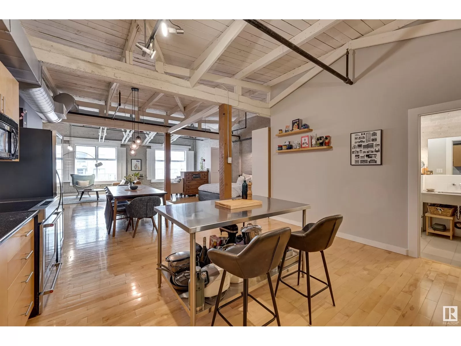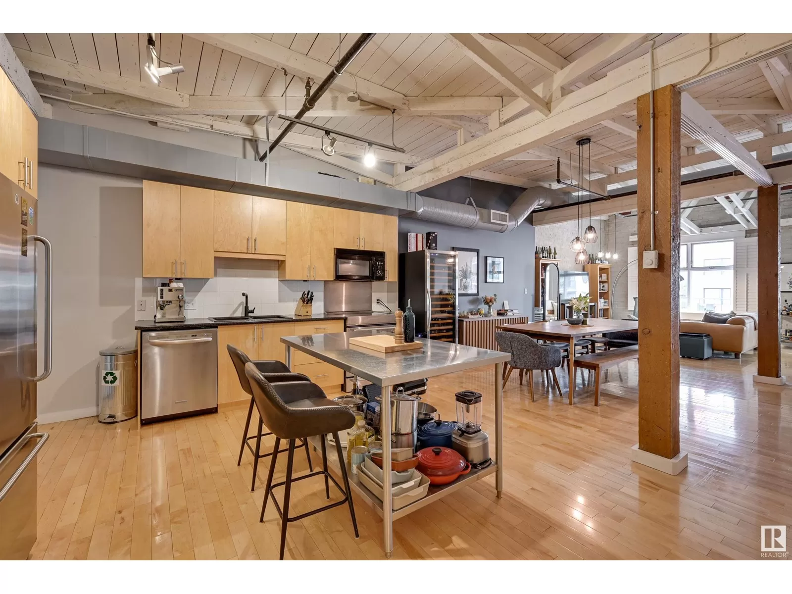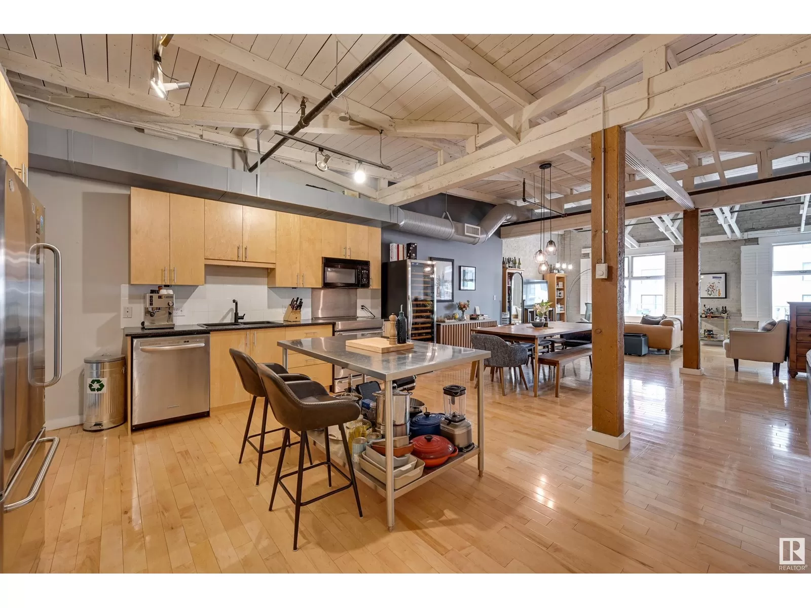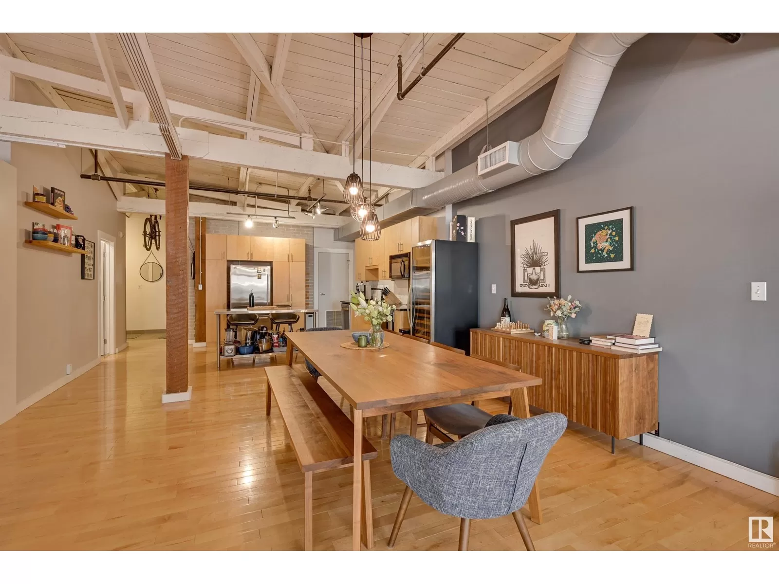 Penthouse Unit in One of Edmontonâs Most Iconic Buildings: Phillips Lofts! Located in the heart of downtown on the always-vibrant 104th Street Promenade, this loft delivers the ultimate urban lifestyleâjust steps from trendy bars, top restaurants, local markets, and the Ice District. This one-of-a-kind space features a private elevator entrance, open beam raised ceilings, and huge west-facing windows offering views of 104th and beyond. The expansive open-concept layout is perfect for entertaining, and the updated bathroom adds a touch of modern luxury. The open concept kitchen features a large stainless steel island, a generous amount of cabinetry and is open to a spacious dining area. The sprawling living room is a great place to curl up and watch a move - with space left over for an office! Stylish, spacious, and set in one of Edmontonâs most desirable downtown locationsâthis loft is not to be missed. In-suite laundry, roof top patio access with sweeping downtown view and underground parking included! (id:27476)
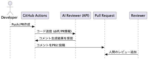 まず、CI/CDパイプラインにおいてAIレビューをどこに配置するかを定義する必要がある。以下にその代表的な構成を示す。
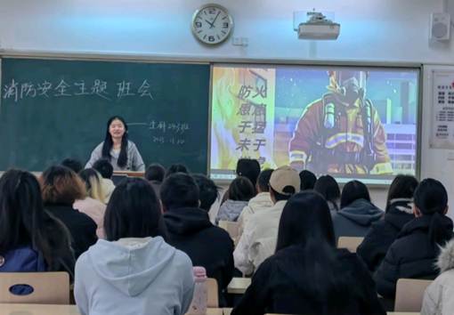 各班在明德楼教室开展“消防安全”主题班会,以警示教育短片切入,通过校园宿舍违规用电起火、实验室易燃试剂操作不当等典型案例,结合事故追责分析,直观呈现消防疏忽的严重后果。接着,各班围绕“校园消防隐患排查”“火场逃生技巧各班”“消防器材使用”三大板块展开讲解,重点强调宿舍禁用大功率电器、定期检查插线板,实验室易燃试剂分类存放、实验后断电断气等安全规范,并通过观看灭火毯使用视频,总结出“看标识、懂操作、会避险”的消防三要点。最后进入互动环节,同学们分组进行情景问答,就“浓烟中如何判断逃生方向”“发现火情后先报警还是先自救”等问题展开思辨,同时还分享家庭及校园消防注意事项。
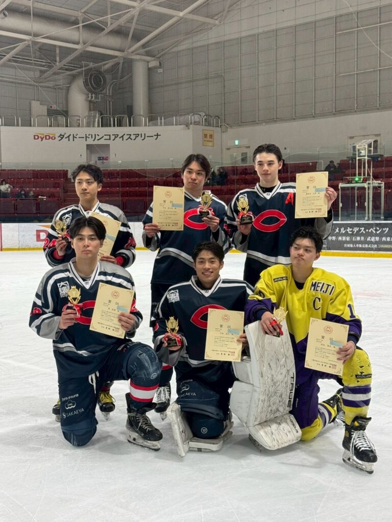 【アイスホッケー】98回インカレ 競技結果について 2025年12月28日 最終更新日時 : 2026年1月8日 アイスホッケー部門◾️セカンドディビジョン優勝 大阪工業大学準優勝 北海学園大学3位 東北福祉大学◾️ファーストディビジョン優勝 中央大学準優勝 明治大学3位 大東文化大学◾️個人賞個人賞_結果ダウンロード
******************************
**WORK INSTRUCTIONS:**
Print each line above exactly as it appears, excluding all images.

**SOLUTION TO THIS TASK:**
 Penthouse Unit in One of Edmontonâs Most Iconic Buildings: Phillips Lofts! Located in the heart of downtown on the always-vibrant 104th Street Promenade, this loft delivers the ultimate urban lifestyleâjust steps from trendy bars, top restaurants, local markets, and the Ice District. This one-of-a-kind space features a private elevator entrance, open beam raised ceilings, and huge west-facing windows offering views of 104th and beyond. The expansive open-concept layout is perfect for entertaining, and the updated bathroom adds a touch of modern luxury. The open concept kitchen features a large stainless steel island, a generous amount of cabinetry and is open to a spacious dining area. The sprawling living room is a great place to curl up and watch a move - with space left over for an office! Stylish, spacious, and set in one of Edmontonâs most desirable downtown locationsâthis loft is not to be missed. In-suite laundry, roof top patio access with sweeping downtown view and underground parking included! (id:27476)
 まず、CI/CDパイプラインにおいてAIレビューをどこに配置するかを定義する必要がある。以下にその代表的な構成を示す。
 各班在明德楼教室开展“消防安全”主题班会,以警示教育短片切入,通过校园宿舍违规用电起火、实验室易燃试剂操作不当等典型案例,结合事故追责分析,直观呈现消防疏忽的严重后果。接着,各班围绕“校园消防隐患排查”“火场逃生技巧各班”“消防器材使用”三大板块展开讲解,重点强调宿舍禁用大功率电器、定期检查插线板,实验室易燃试剂分类存放、实验后断电断气等安全规范,并通过观看灭火毯使用视频,总结出“看标识、懂操作、会避险”的消防三要点。最后进入互动环节,同学们分组进行情景问答,就“浓烟中如何判断逃生方向”“发现火情后先报警还是先自救”等问题展开思辨,同时还分享家庭及校园消防注意事项。
 【アイスホッケー】98回インカレ 競技結果について 2025年12月28日 最終更新日時 : 2026年1月8日 アイスホッケー部門◾️セカンドディビジョン優勝 大阪工業大学準優勝 北海学園大学3位 東北福祉大学◾️ファーストディビジョン優勝 中央大学準優勝 明治大学3位 大東文化大学◾️個人賞個人賞_結果ダウンロード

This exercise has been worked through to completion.